▸ About this exercise:
Would you repeat the data below exactly, taking out the images?

#### Information supplied

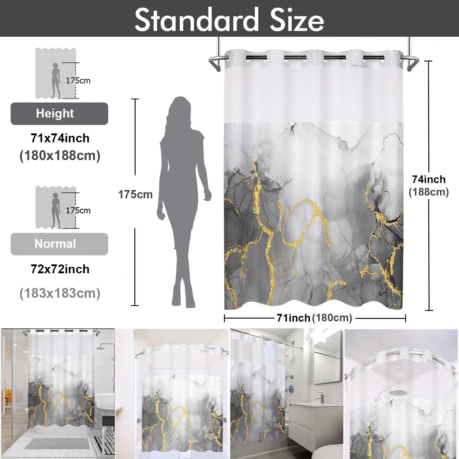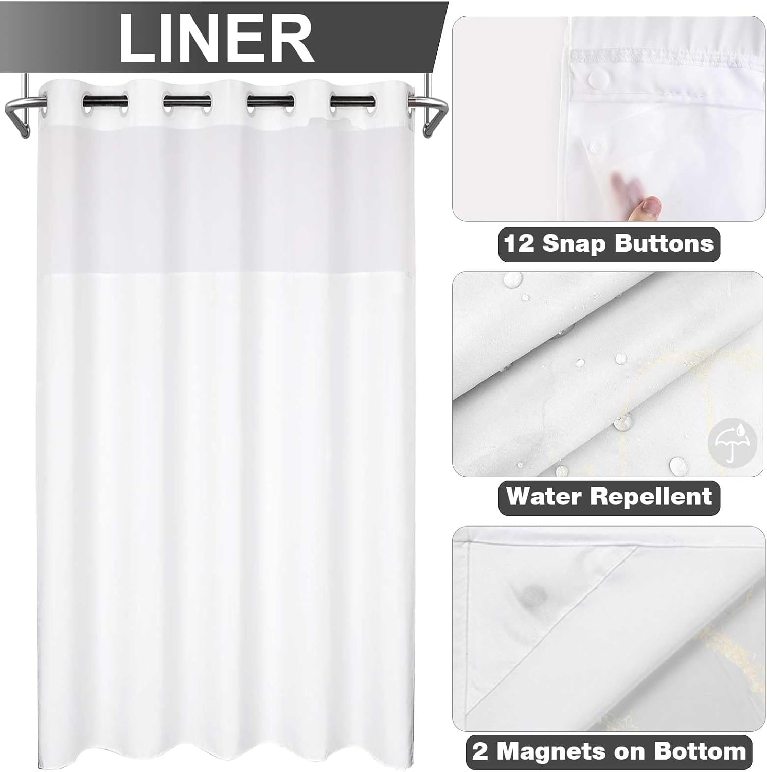 STANDARD SIZE: This no ring shower curtain with snap in liner measures 71×74 inches, suitable for a variety of interior spaces, can be used as a shower curtain, room divider,hotel to separate wet and dry
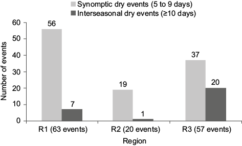 Keywords: synoptic dry events, intraseasonal dry events, rainfall season.
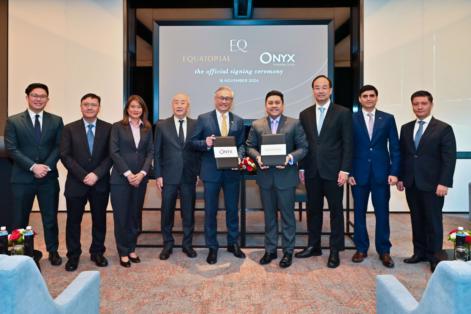 ออนิกซ์ ฮอสพิทาลิตี้ กรุ๊ป (ONYX Hospitality Group) บริษัทชั้นนำด้านการบริหารโรงแรม รีสอร์ต เซอร์วิสอพาร์ตเมนต์ และที่พักอาศัยระดับหรู รวมถึงธุรกิจฮอสพิทาลิตี้อื่นๆ ที่เกี่ยวข้อง ภาคภูมิใจที่จะประกาศถึงการจับมือร่วมธุรกิจครั้งสำคัญกับ อีเควทอเรียล กรุ๊ป (Equatorial Group) จากประเทศมาเลเซีย เพื่อร่วมพัฒนาโครงการ “อีคิว ภูเก็ต” (EQ Phuket) ที่พักสุดหรูแห่งใหม่ในภูเก็ต โดยคาดว่าจะเปิดให้บริการได้ในปี 2571 โครงการนี้นับเป็นก้าวสำคัญในการขยายธุรกิจของออนิกซ์ ฮอสพิทาลิตี้ กรุ๊ป อีกทั้งยังเสริมความแข็งแกร่งให้กับแบรนด์ชั้นนำอย่าง อมารี (Amari) โอโซ่ (OZO) ชามา (Shama) และโอเรียนเต็ล เรสซิเดนซ์ (Oriental Residence) การร่วมทุนครั้งนี้นับเป็นการพัฒนาครั้งสำคัญของทั้งสองบริษัท โดยได้รวมเอาแบรนด์อีคิว (EQ) ของอีเควทอเรียล ซึ่งมีรางวัลการันตีมากมายเข้ากับพอร์โฟลิโอที่หลากหลายของออนิกซ์ ฮอสพิทาลิตี้ กรุ๊ป (ONYX Hospitality Group) เข้าไว้ด้วยกัน
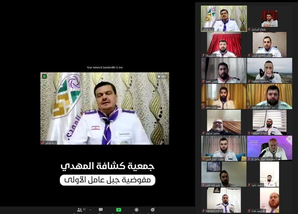 في أجواء ولادة سيدة نساء العالمين السيدة الزهراء (عليها السلام) وبرعاية القائد العام لجمعية كشافة المهدي (عجل الله تعالى فرجه) الشيخ نزيه فياض أقامت مفوضية جبل عامل الأولى اللقاء التدريبي التقييمي \"عطاؤكم كله خير\" عبر تطبيق الزوم وبمشاركة المدربين والمدربات اللذين شاركوا في التدريب خلال دورات عام 2020.
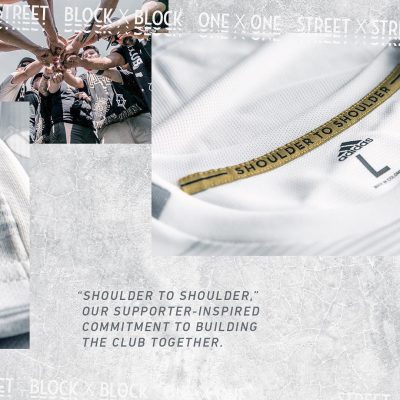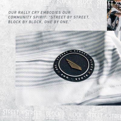 Stitched into the neckline of the jersey, “Shoulder to Shoulder” is a tribute to the LAFC Supporters and their commitment to building the Club together.
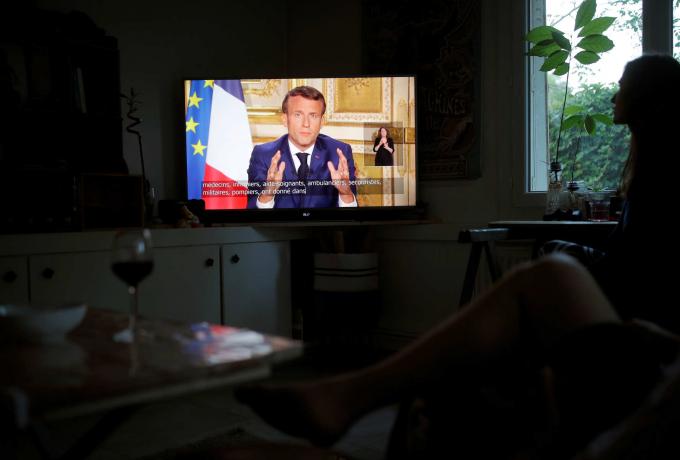 Ο Μακρόν παράτεινε την καραντίνα και τα αυστηρά περιοριστικά μέτρα μέχρι τις 11 Μαΐου, σε τηλεοπτικό του ομιλία που είχε ρεκόρ τηλεθέασης, 36,7 εκατομμύρια πολίτες την παρακολούθησαν, περισσότερο από το ήμισυ του πληθυσμού στη Γαλλία. Είπε ότι η κρίση έφερε στην επιφάνεια λάθη και ελλείψεις στην προετοιμασία του κράτους.
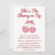Invitación Cute Pink Bow Cherry on Top First Birthday

########

▸ Worked solution:
 STANDARD SIZE: This no ring shower curtain with snap in liner measures 71×74 inches, suitable for a variety of interior spaces, can be used as a shower curtain, room divider,hotel to separate wet and dry
 Keywords: synoptic dry events, intraseasonal dry events, rainfall season.
 ออนิกซ์ ฮอสพิทาลิตี้ กรุ๊ป (ONYX Hospitality Group) บริษัทชั้นนำด้านการบริหารโรงแรม รีสอร์ต เซอร์วิสอพาร์ตเมนต์ และที่พักอาศัยระดับหรู รวมถึงธุรกิจฮอสพิทาลิตี้อื่นๆ ที่เกี่ยวข้อง ภาคภูมิใจที่จะประกาศถึงการจับมือร่วมธุรกิจครั้งสำคัญกับ อีเควทอเรียล กรุ๊ป (Equatorial Group) จากประเทศมาเลเซีย เพื่อร่วมพัฒนาโครงการ “อีคิว ภูเก็ต” (EQ Phuket) ที่พักสุดหรูแห่งใหม่ในภูเก็ต โดยคาดว่าจะเปิดให้บริการได้ในปี 2571 โครงการนี้นับเป็นก้าวสำคัญในการขยายธุรกิจของออนิกซ์ ฮอสพิทาลิตี้ กรุ๊ป อีกทั้งยังเสริมความแข็งแกร่งให้กับแบรนด์ชั้นนำอย่าง อมารี (Amari) โอโซ่ (OZO) ชามา (Shama) และโอเรียนเต็ล เรสซิเดนซ์ (Oriental Residence) การร่วมทุนครั้งนี้นับเป็นการพัฒนาครั้งสำคัญของทั้งสองบริษัท โดยได้รวมเอาแบรนด์อีคิว (EQ) ของอีเควทอเรียล ซึ่งมีรางวัลการันตีมากมายเข้ากับพอร์โฟลิโอที่หลากหลายของออนิกซ์ ฮอสพิทาลิตี้ กรุ๊ป (ONYX Hospitality Group) เข้าไว้ด้วยกัน
 في أجواء ولادة سيدة نساء العالمين السيدة الزهراء (عليها السلام) وبرعاية القائد العام لجمعية كشافة المهدي (عجل الله تعالى فرجه) الشيخ نزيه فياض أقامت مفوضية جبل عامل الأولى اللقاء التدريبي التقييمي \"عطاؤكم كله خير\" عبر تطبيق الزوم وبمشاركة المدربين والمدربات اللذين شاركوا في التدريب خلال دورات عام 2020.
 Stitched into the neckline of the jersey, “Shoulder to Shoulder” is a tribute to the LAFC Supporters and their commitment to building the Club together.
 Ο Μακρόν παράτεινε την καραντίνα και τα αυστηρά περιοριστικά μέτρα μέχρι τις 11 Μαΐου, σε τηλεοπτικό του ομιλία που είχε ρεκόρ τηλεθέασης, 36,7 εκατομμύρια πολίτες την παρακολούθησαν, περισσότερο από το ήμισυ του πληθυσμού στη Γαλλία. Είπε ότι η κρίση έφερε στην επιφάνεια λάθη και ελλείψεις στην προετοιμασία του κράτους.
Invitación Cute Pink Bow Cherry on Top First Birthday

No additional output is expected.